Una riña entre los internos de la cárcel de Chilpancingo dejó dos heridos, según información proporcionada por el director del penal, Javier Castrejón Rosales, a los familiares de los reclusos que acudieron a sus visitas.
En la cárcel de Chilpancingo, ubicada al sur de la capital, a las 9 de la mañana hubo una riña entre internos que dejó como saldo dos reclusos heridos, Gabriel Gonzáles Cabrera y Miguel Jacobo Barragán.
El director de la cárcel no quiso dar información a la prensa, “ahí está comunicación social del estado, ahí les darán la información”, dijo, y anunció a los familiares la suspensión de las visitas y que los heridos fueron trasladados al Hospital General Raymundo Abarca Alarcón.

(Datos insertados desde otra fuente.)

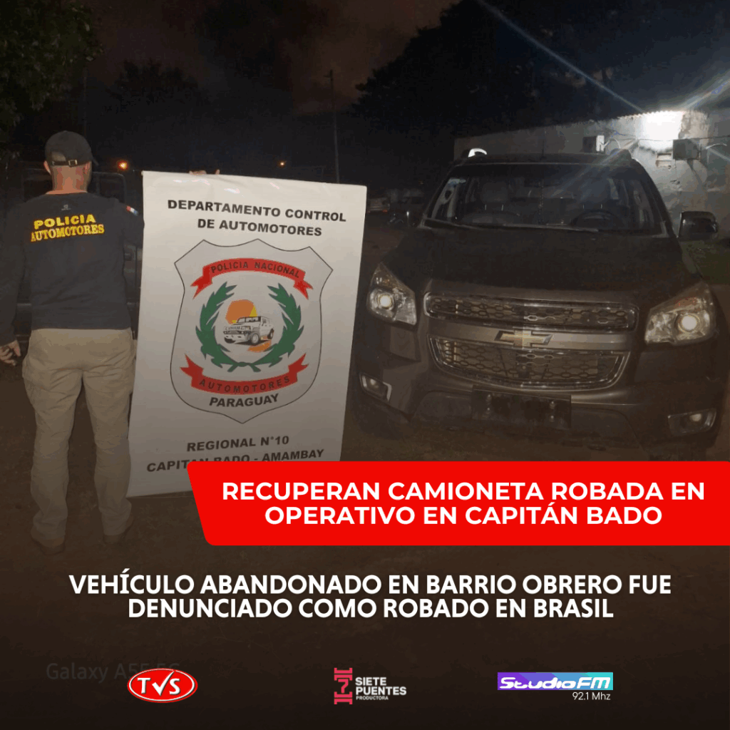Capitán Bado, 20 de junio de 2025 – En un operativo de patrullaje rutinario, personal del Departamento Control de Automotores Regional Capitán Bado, en conjunto con el equipo de Criminalística, logró la recuperación de una camioneta robada que se encontraba en situación de abandono en el Barrio Obrero, sobre una ruta terraplenada.

El centenar de familiares que esperaban desde las 9 de la mañana para entrar a la visita se sorprendió al escuchar el anuncio de Castrejón Rosales; los visitantes cuestionaron, “diga los nombres de los heridos”, “tal vez son nuestros familiares”, “déjenos pasar”, “venimos desde Zihuatanejo, ustedes nos pagarán el hospedaje”. Sin embargo, no los dejaron pasar hasta las 12 del mediodía.
Dentro de la cárcel hubo un camión con unos 40 policías estatales con equipo antimotines durante la mañana, que se retiró después de mediodía.

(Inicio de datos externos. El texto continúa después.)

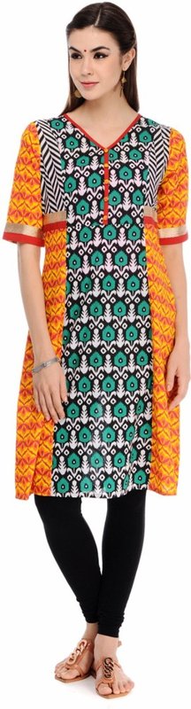 Flipkart has Taaga Printed Women's Straight Kurta(Yellow) for Rs.1,399.00 - Rs.910.00 (Instant Discount) = Rs.489.00 with Free Shipping

El director Castrejón Rosales se veía tenso, fumaba mientras pedía, “entiendan que no pueden pasar, corren peligro si entran, esta caliente la cosa, no queremos exponerlos. Les aseguro que no son sus familiares porque las familias de los heridos ya están con ellas en el hospital”.
De la cárcel se retiraron unas 40 personas; las que se quedaron insistieron al director que los dejará pasar, por lo que Castrejón Rosales accedió y dejó entrar a un visitante por recluso, hasta las 3 de la tarde hora, cuando terminan las visitas.
Castrejón Rosales aseguró que hoy dejarían estar dos horas más a los visitantes como compensación del tiempo que perdieron ayer.
No es la primera vez que ocurre un incidente de este tipo en la cárcel de Chilpancingo; en 2012, una riña dentro del penal dejó cuando menos tres reclusos golpeados y provocó disparos de los custodios, así como una aparatosa movilización de militares, policías federales, ministeriales y estatales.
Asimismo, en 2014, presos se amotinaron tras la irrupción de policías estatales vestidos de civil en la madrugada y golpearon a seis reos, de los que dos resultaron lesionados. En la requisa del penal las autoridades decomisaron mariguana, heroína, cocaína, tijeras, desarmadores, cargadores de celular, televisores y reproductores de DVD.
Pese a que el director aseguró que comunicación social del estado daría información de los hechos, no ocurrió así. En el portal de internet del gobierno del estado, tampoco se proporcionó ninguna información.